The creation, most probably at the end of the nineteenth century only, of a skylight illuminated by a skylight above the central void, introduced a very original second luminous axis by drawing an interesting part from the original layout.

Park
The estate comprises on 80 hectares a landscaped park, an arboretum, a garden bouquetier created in 1920, large greenhouses and French gardens of one hectare redrawn in the last century by the Duchêne father and son. The park also offers boxwood borders and cone-cut yews, all surrounded by a double line of lime trees. The perspective of the basin leads to the water buffet of the nymphaeum, in the center of the lawn rises a carved group of white marble representing Hercules. The garden is composed of two main axes, at the intersection of which is a circular basin. The large greenhouse is home to some rare or exotic plant species.

The English-style park covers 80 hectares of liquidambar trees, tulip trees, beeches, berberis, sumacs … The park is labeled Logo displaying two half silhouettes of trees Remarkable garden.
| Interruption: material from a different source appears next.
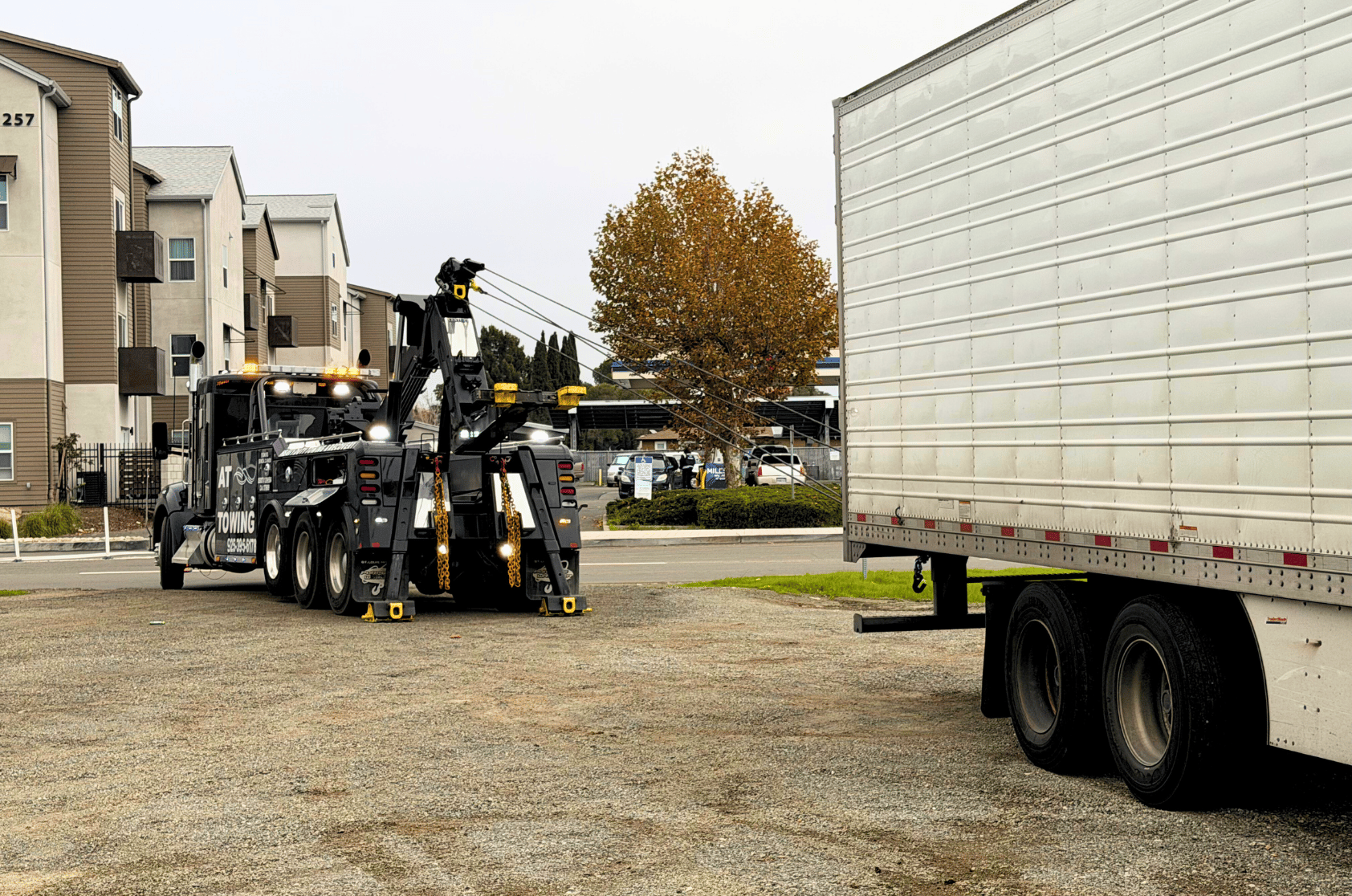 We also provide 18-wheeler towing , semi towing and recovery , and tractor trailer tow service for owner-operators and fleet managers who can't afford to have a truck sitting on the shoulder for half a day waiting for someone to show up. Our semi truck tow company operates with our own equipment, which means you're not waiting on a subcontractor who may or may not have the right wrecker for the job. If you're searching for semi towing near me , towing semi truck near me , or semi tow service near me , keep our number handy. We've pulled trucks off the side of I-80, out of the Fairfield weigh station, and from job sites all over Solano County.

Sumptuous stables installed in the common, home to the horse-drawn carriages used by its last owners.

Protection
Château de Bouges has been classified as a historic monument since September 7, 2001. This concerns the château, its outbuildings, its gardens, its park, as well as the buildings and the fence walls and the driveway. ‘arrival. This decree canceled the previous protection measures: the decree of classification as historical monuments of December 28, 1961 and the orders of inscription under the historic monuments of October 21, 1944 and March 3, 1997.

Filmography
The castle and its park served as a setting for certain scenes from Yves Angelo’s film Le Colonel Chabert (1994) with Gérard Depardieu and Fanny Ardant.